Talk:Splay tree

Someone please do a pseudocode implementation of splay on the main page. (I removed the note suggesting that, since such notes should be confined to the talk pages.) 68.100.96.143

I've been trying to work out a way to balance a splay tree since I saw this article's claim that splay trees are "self-balancing" and support O(log N) "amortized time" insertions and deletions. I have found multiple splay trees that cannot be balanced and also keep the order defined by splaying. I'm changing the "amortized time" for now, but I would like to chat with someone about the idea that a splay tree can self-balance, just in case I'm crazy. Tjdw 14:16, 15 Jan 2004 (UTC)

I believe splay trees (at least above a certain size) will be (roughly) balanced (meaning their height will be in O(log n)), or at least cannot stay unbalanced once nodes in unbalanced parts of the tree are accessed. I have not checked for myself, but Sleator and Tarjan state in their original article that the height of nodes on the access path to a node being accessed get approximately halfed. If splay trees could be and stay unbalanced, the given worst-case access time could hardly hold. As many internet sources claim this too, I reintroduced it to the article (otherwise the last paragraph would in my eyes not be correct).DrZ 23:11, 14 May 2004 (UTC)[reply]

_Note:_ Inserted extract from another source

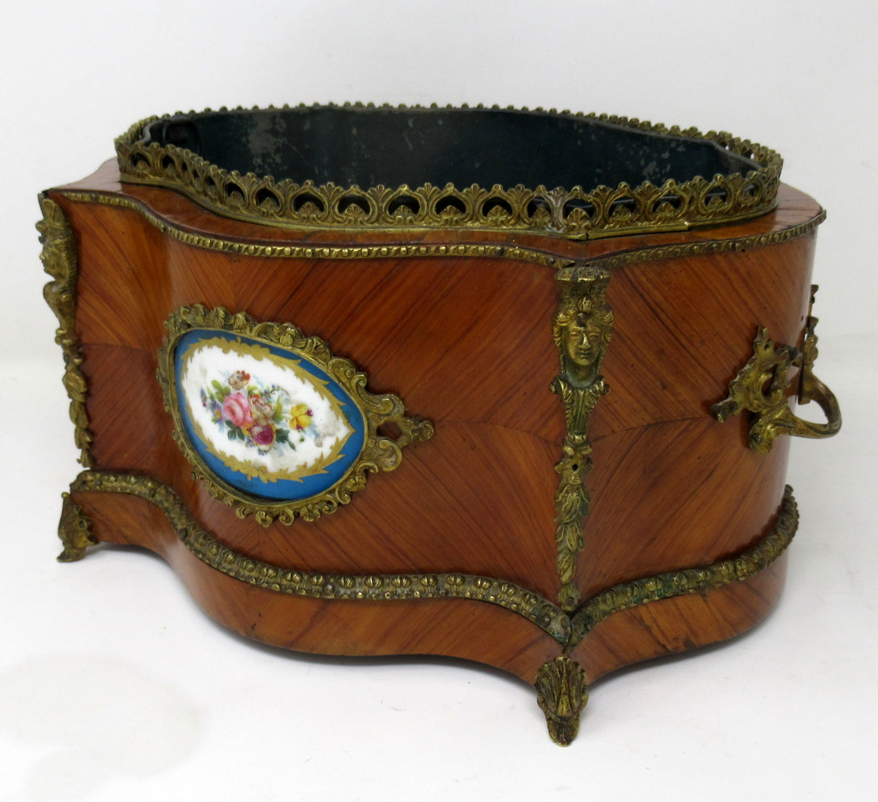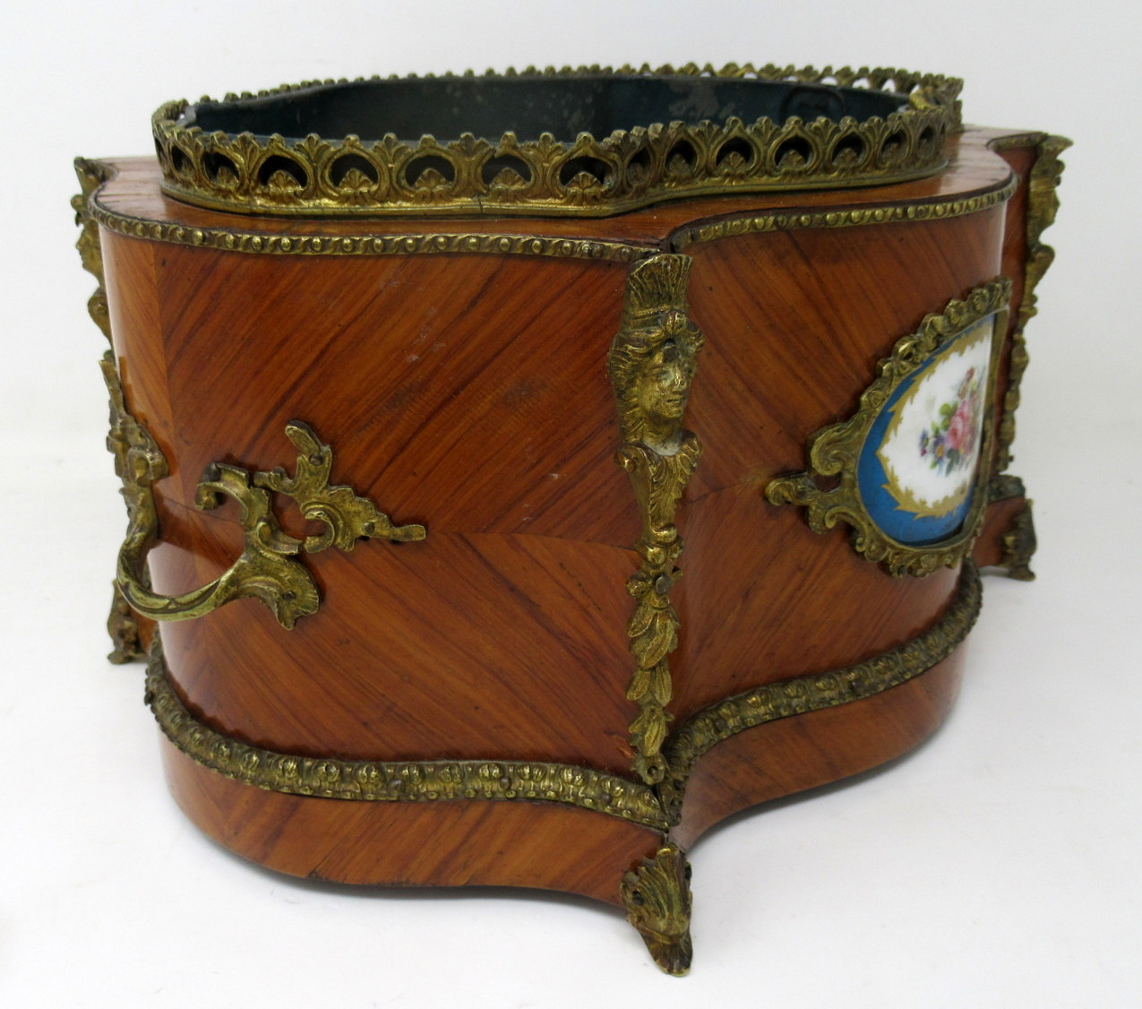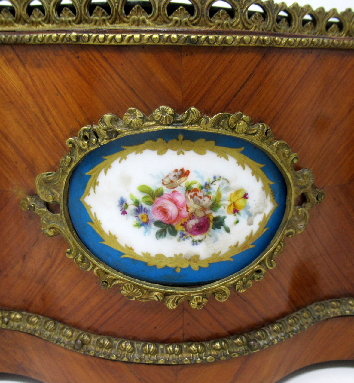 French Twin Handle Kingwood Jardinière of traditional oval form, with ormolu gallery pierced rail and ornate ormolu twin handles and central hand painted soft paste Sevres porcelain plaque depicting hand painted still life of flowers, complete with original painted tin liner.

Actually, splay trees are not necessarily self-balancing, they are only stochastically self-balancing. That is why you get O(log n) amortized time - a single access can take n comparisons, just as with a plain binary search tree. It will, however, also somewhat rebalance the tree. Moreover, the insertations that debalance the tree are very cheap, so that in sum you get excellent behaviour. --Stephan Schulz 13:57, 26 May 2005 (UTC)[reply]

Should note that the complexity approximates O(M) where M is the working set of nodes, and is therefore appropriate to use when the working set is significantly smaller than the full set. Should also note that both reading (find) and writing (insert/delete) are about equally expensive, so it may behave poorly compared to other self-balancing trees (that only modify the tree in update) when updates are rare.

Complexity should be O(log M), unless I misuderstand what you are saying. --Stephan Schulz 13:57, 26 May 2005 (UTC)[reply]

Although the working set theorem says splays have a near O(1) access time for those items in the working set (given working set is small relative to the number of total nodes and constant), in practice randomly constructed BSTs have been shown to outperform splays even when the access pattern is heavily skewed (see, for example, Bell and Gupta). Also of note is that splay trees have better cache performance than BSTs under certain settings. Finally, we should discuss different splalying variants. Top Down vs. Bottom up. The "simple" top-down splaying variant (explained by Sleator and Tarjan) as implemented by Weiss (Data structures in C) is fast in practice (as compared to other variants).

I should probably write up pseudocode (or other more detailed explanation of the algorithm), given that I have both implemented it and documented it before. Bovlb 07:56, 2004 Mar 5 (UTC)

Diagrams of Splaying would be helpful.

I would like to know what literature/research support the claim that "randomly rebalancing the tree can avoid this unbalancing effect and give similar performance to the other self-balancing algorithms"? I didn't manage to verify that, though I tried.